Training prints per-epoch loss and saves checkpoints to exp/<timestamp>/save_model/.

Example log line:

[ 939/1000] loss:0.000205376 | loss_reg:... | loss_cls:... | time:42.31 sec

Inference Visualizations

For each test event, test.py saves a 3-row PNG to:

exp/<timestamp>/figs/epoch@<N>/
└── <event_name>/
    └── water_depth_spatial_temporal.png

Figure layout: Row 1 = Reference (ground truth), Row 2 = U-RNN prediction, Row 3 = Absolute error. Rows 1–2 share a fixed 0–2 m colorbar; Row 3 uses 0–0.3 m.

Metrics

Per-event metrics (R², RMSE, MAE, CSI) are saved to exp/<timestamp>/metrics/metrics_epoch<N>.xlsx.


11. Cloud GPU — AutoDL Guide

If you do not have a local GPU, rent one from AutoDL for approximately ¥1–3 per hour. The guide below uses the browser-based JupyterLab — no additional software needed on your local machine.

⚠️ Download the dataset to your local machine first (see Section 2) before creating a cloud instance.


🖥️ Step 1 — Create a GPU instance

  1. Register and log in at https://www.autodl.com/.
  2. Click 租用 → GPU 云服务器.
  3. Choose a GPU with ≥ 24 GB VRAM for the full dataset (e.g., RTX 4090 24 GB).
    • For the lightweight 8 m / 10 min dataset, ≥ 8 GB VRAM is sufficient.
  4. Select the base image: PyTorch 2.0 → Python 3.8 (ubuntu20.04) → CUDA 11.8.
  5. Click 立即创建 and wait for the instance to start.

🌐 Step 2 — Open JupyterLab

On the instance overview page, click the JupyterLab button. Use the terminal (Launcher → Terminal) to run shell commands.

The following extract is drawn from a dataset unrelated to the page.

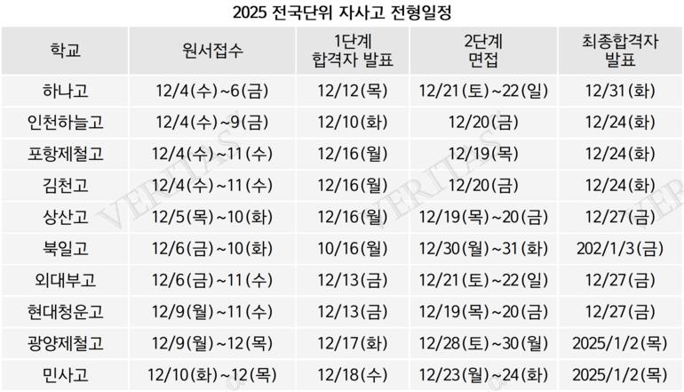<원서접수 일정.. 12월4일 하나고 필두 개막>

💻 Step 3 — Clone the repository

cd /root/autodl-tmp/
git clone https://github.com/holmescao/U-RNN

📥 Step 4 — Upload the dataset via SCP

Find your SSH login command on the AutoDL instance overview page, e.g.:

ssh -p 12345 root@connect.westb.seetacloud.com

⚠️ The host, port, and password above are examples — use your own dashboard values.

Linux / macOS

# Upload the dataset zip
scp -P 12345 /local/path/urbanflood24.zip root@connect.westb.seetacloud.com:/root/autodl-tmp/
# Or rsync for large folders (resumes on failure):
rsync -avz --progress -e "ssh -p 12345" /local/path/urbanflood24/ \
    root@connect.westb.seetacloud.com:/root/autodl-tmp/U-RNN/data/urbanflood24/

Windows (PowerShell)

scp -P 12345 C:\path\to\urbanflood24.zip root@connect.westb.seetacloud.com:/root/autodl-tmp/

Or use WinSCP with Protocol = SCP.

Unzip on the cloud instance

cd /root/autodl-tmp/
unzip urbanflood24.zip
mv urbanflood24 U-RNN/data/
ls U-RNN/data/urbanflood24/train/flood/    # verify

⚙️ Step 5 — Install dependencies

cd /root/autodl-tmp/U-RNN/code
pip install -r requirements.txt -i https://pypi.tuna.tsinghua.edu.cn/simple

📥 Step 6 — Upload pre-trained weights (required for Step 7; skip if going straight to Step 8)

# On your local machine:
scp -P 12345 /local/path/checkpoint_939_0.000205376.pth.tar \
    root@connect.westb.seetacloud.com:/root/autodl-tmp/U-RNN/exp/20240202_162801_962166/save_model/

🔍 Step 7 — Quick inference with pre-trained weights (Scenario A)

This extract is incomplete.